Challenges to Adjudication and Investigation
Edited by Fausto Pocar, Marco Pedrazzi and Micaela Frulli
Chapter 18: The challenges of establishing the facts in relation to ‘Hague law’ violations
Criminal prosecutions relating to crimes regulated by traditional ‘Hague law’ are few and far between. A key question worth considering is whether or not the ultimate challenge remains at the micro level; the ultimate challenge lies in ascertaining legally pertinent facts which are required to make sound and clear legal adjudications, be they criminal or civil in nature, in relation to this specific body of international humanitarian law (IHL). Facts are the building blocks of any legal assessment, pieces of the jigsaw puzzle that when compiled together can help elucidate a legally relevant picture. Any legal adjudication of ‘Hague law’ must necessarily determine adherence to a primary rule; the same is as true for criminal prosecution as it is for a commission of inquiry.

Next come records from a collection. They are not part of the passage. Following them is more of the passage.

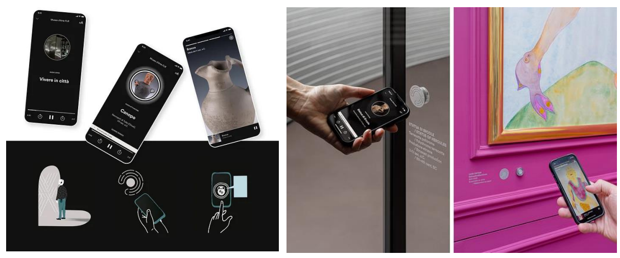
Figures. (16) (17) Illustrate the people-centered approach results in the identification of the visitor's experience, museum management objectives, and guidelines that underpin the design of future creative museums. [9]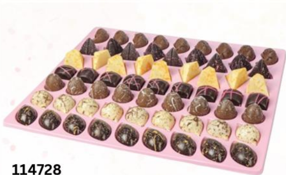
114728 Chocolates Crystal Collection 126s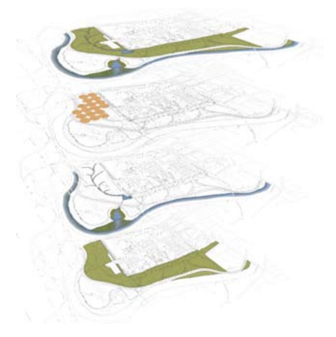
Figure 5: Layered plan of student project showing phytoremediation and stormwater treatment.

from rooftops to river was made visible (Figure 4). All downspouts within the housing development visibly emptied into open water channels that in turn ran into vegetated strips within the road network and provided irrigation. These in turn led to "eco-cells" at the perimeter of the built area that acted as gateways to the perimeter river system. These cells were wetland areas where the rise and fall of water level would be clearly visible. They also contained recreational functions and were interconnected by a system of recreational trails. In addition, the stormwater system moved water from one cell to another with each planted differently to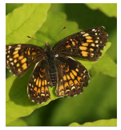
Harris' Checkerspot butterfly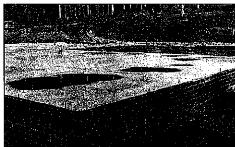
Slab completed September 16, 2003

In short relevant facts must be compiled in order to form a coherent legal assessment. Like any good jigsaw some pieces will be easier to spot than others, for example it is easier to objectively determine the number of victims in a given attack, yet conversely knowing whether or not those persons were legitimate targets, whether or not they were the direct object of attack and what was the subjective perception of the attacking party are necessarily more challenging ‘facts’ to determine.